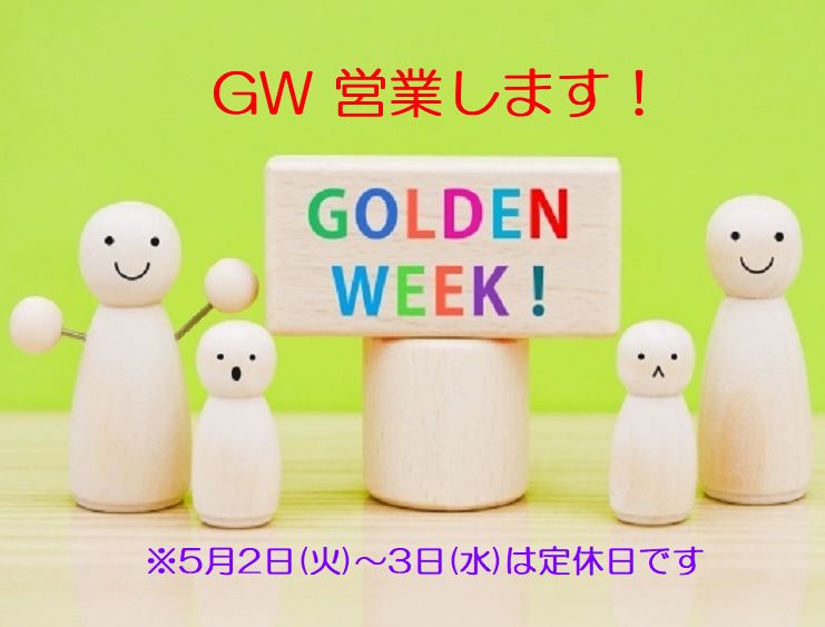 GW営業いたします!(5月2日(火)~3日(水)は定休日)
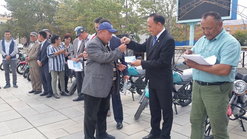 Монгол улсын Засгийн газрын үйл ажиллагааны хөтөлбөр, аймгийн Засаг даргын 2016-2020 оны мөрийн хөтөлбөрт тусгагдсан Хүнс хөдөө аж ахуйн, хөнгөн үйлдвэрийн салбарын бодлогыг хэрэгжүүлэх зорилгоор Баян-Өлгий аймгийн 13 сумын мал эмнэлэг, үржлийн тасгийн эрхлэгч нарт “YAMAHA” маркын мотоцикл олголоо.
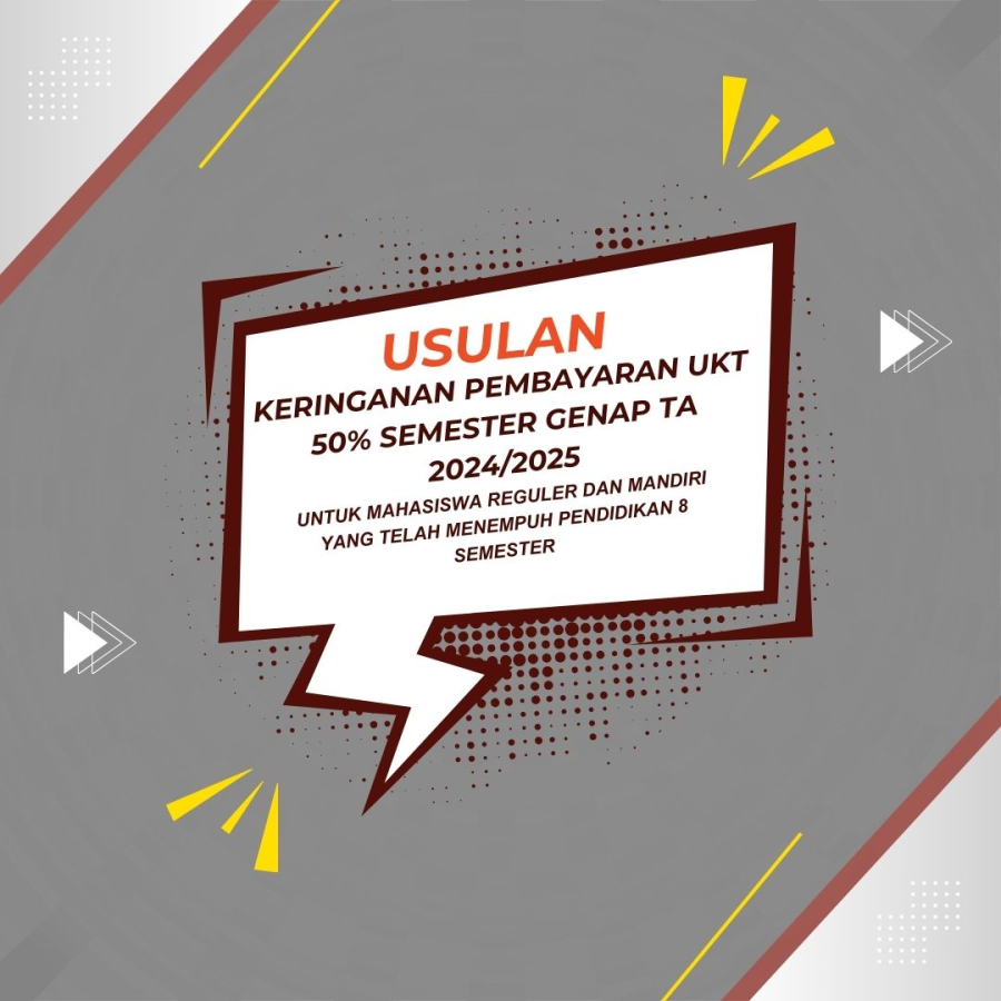 KERINGANAN PEMBAYARAN UKT 50% (untuk Mahasiswa Reguler dan Mandiri Minimal Semester 9)

**What the task requires**:
Output all of the data word for word, excluding any pictures.

**Reply to the task**:
 GW営業いたします!(5月2日(火)~3日(水)は定休日)
 Монгол улсын Засгийн газрын үйл ажиллагааны хөтөлбөр, аймгийн Засаг даргын 2016-2020 оны мөрийн хөтөлбөрт тусгагдсан Хүнс хөдөө аж ахуйн, хөнгөн үйлдвэрийн салбарын бодлогыг хэрэгжүүлэх зорилгоор Баян-Өлгий аймгийн 13 сумын мал эмнэлэг, үржлийн тасгийн эрхлэгч нарт “YAMAHA” маркын мотоцикл олголоо.
 KERINGANAN PEMBAYARAN UKT 50% (untuk Mahasiswa Reguler dan Mandiri Minimal Semester 9)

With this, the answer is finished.